The carving, for instance, had he ordered the mason to be so outrageous? The mosaic in the south transept-had he planned the transfiguration when light struck it at certain times of the day? Curtains had shielded the area and nullified the original intention-if intention it had been-but could the subtle depiction of interwound figures have been anything else? The explicit activity in which they were engaged?
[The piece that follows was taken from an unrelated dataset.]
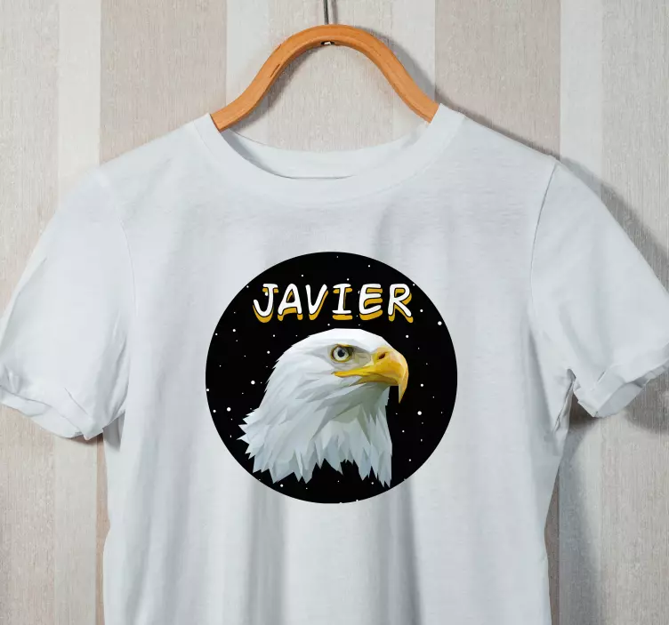 Introducing our stunning T-shirt with name eagle head featuring javier! This unique design showcases a majestic eagle head, beautifully capturing the essence of nature. With elements like stars surrounding the eagle, this personalizable piece celebrates the spirit of the wild, making it a perfect choice for animal lovers. The combination of white and yellow tones gives it a fresh and vibrant look, making it stand out in any wardrobe!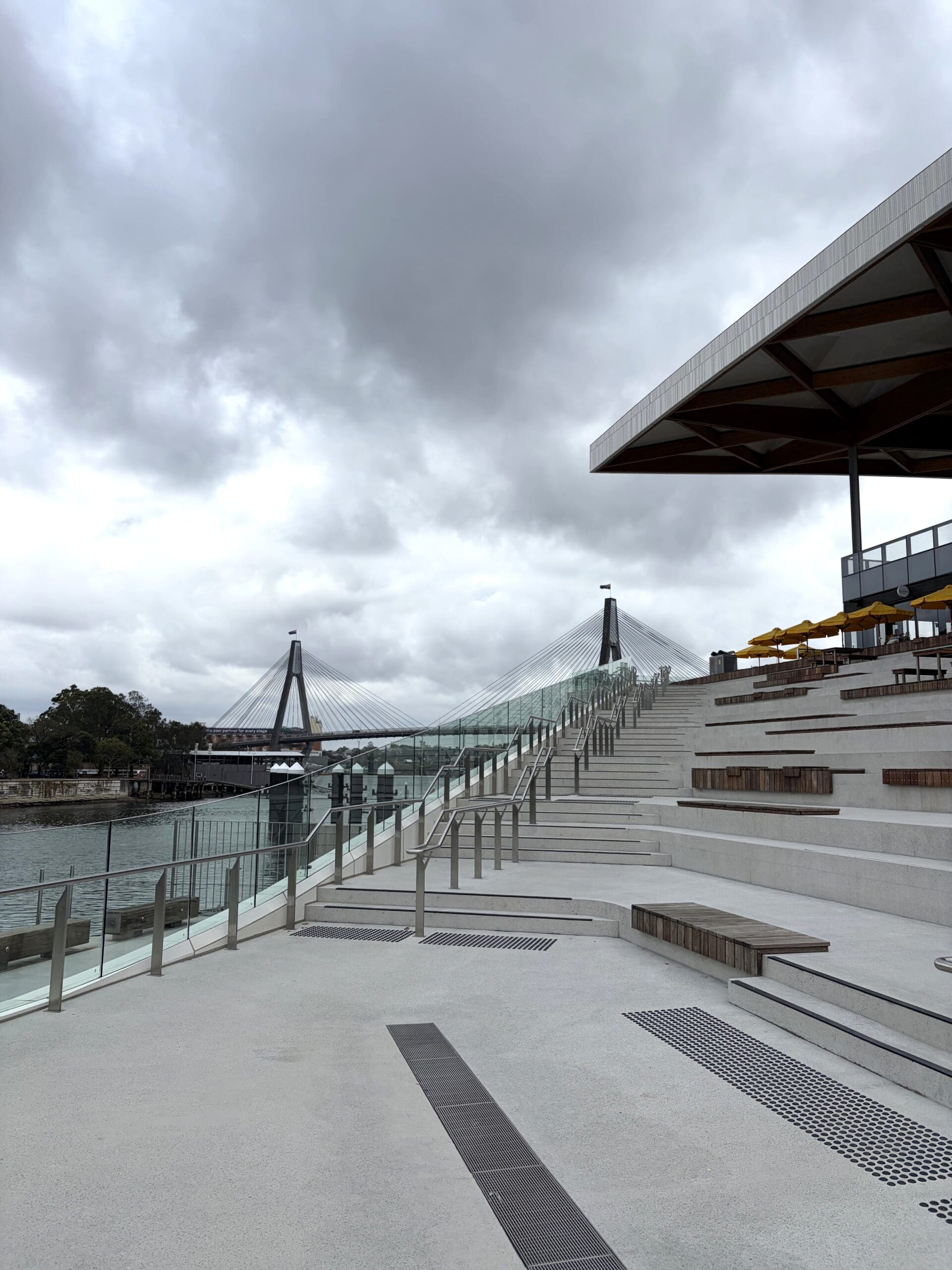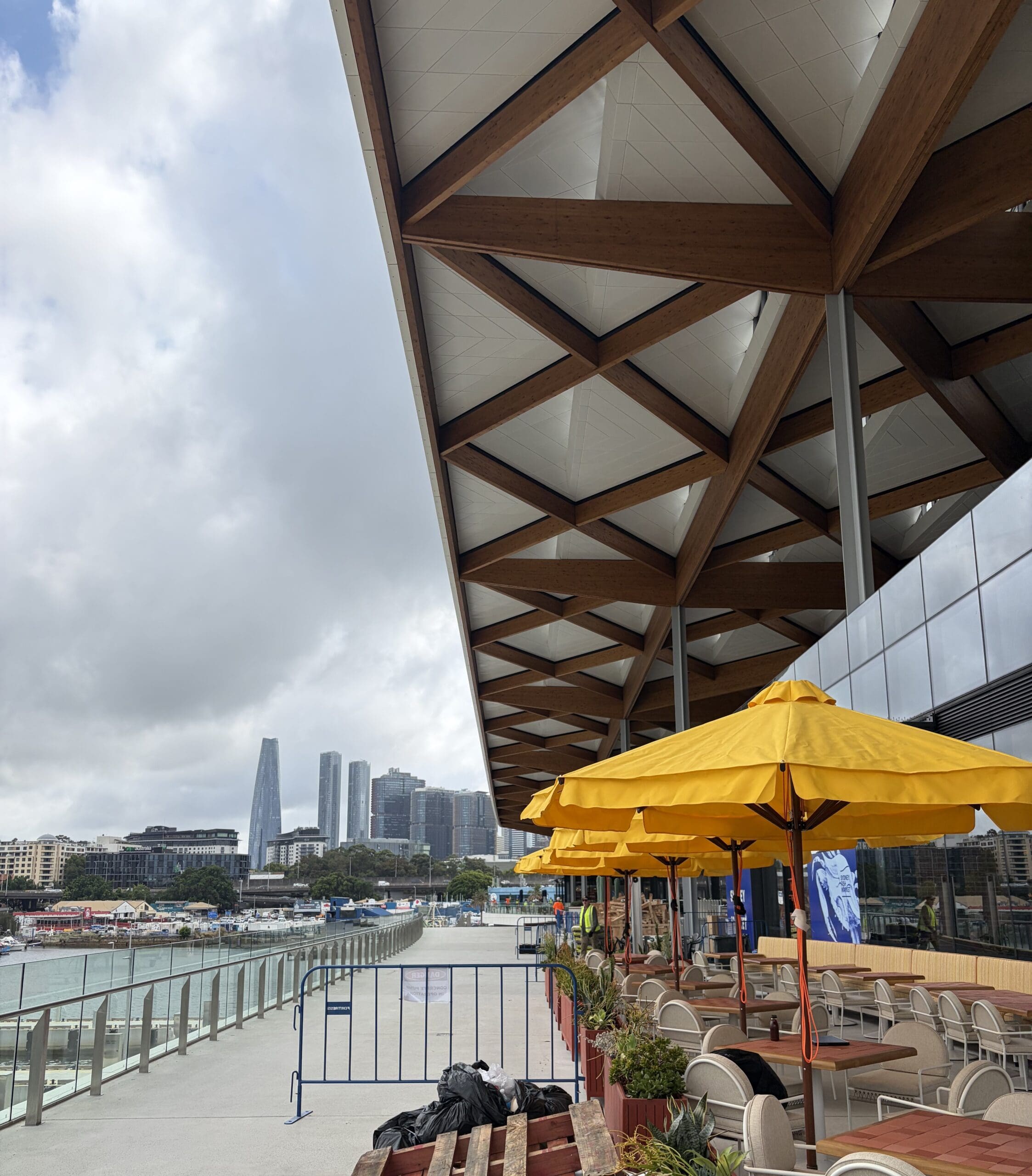 The timber roof spans up to 28 metres, with additional cantilevers of approximately 9 metres, and is formed by large timber members converging at sculpted nodes. In several locations, up to eight members connect at a single node, creating significant structural and constructability challenges. Located immediately adjacent to Sydney Harbour, the roof is exposed to strong winds and a marine environment, requiring careful consideration of durability and long-term performance.

A scene not likely to appeal to the new owner with her reputation for fastidious modesty. One probably exaggerated but built on a foundation of truth. He had been right not to have mentioned it, the carving had been enough, but Tobol didn't think he had made a mistake. The woman was grown, adult, a person of experience and one who must know something of the basic facts of life. Sex, of course, but more than that; the humor which lurked in unsuspected places as did farce and tragedy, pleasure and pain.
Would she sell?
Tobol recalled the way she had looked when examining the exterior of the church. Her eyes had held contempt if not for the building then for the man who had ordered it. The reason he had shown her the carving; if bad blood had existed between them the depiction may have shown a side of her uncle she hadn't known.
By contrast the interior of the church was dark; the light which had illuminated the tessellated floor now touching the upper reaches, casting smoke-like shadows on the groins, the vaulted spaces. In the dusk the suppliants waited with their usual patience. As he took his place one came to kneel in the cubicle before him; a man with a pale, tormented face, thin, knotted hands which clenched and clenched again as if they were animals beyond his control.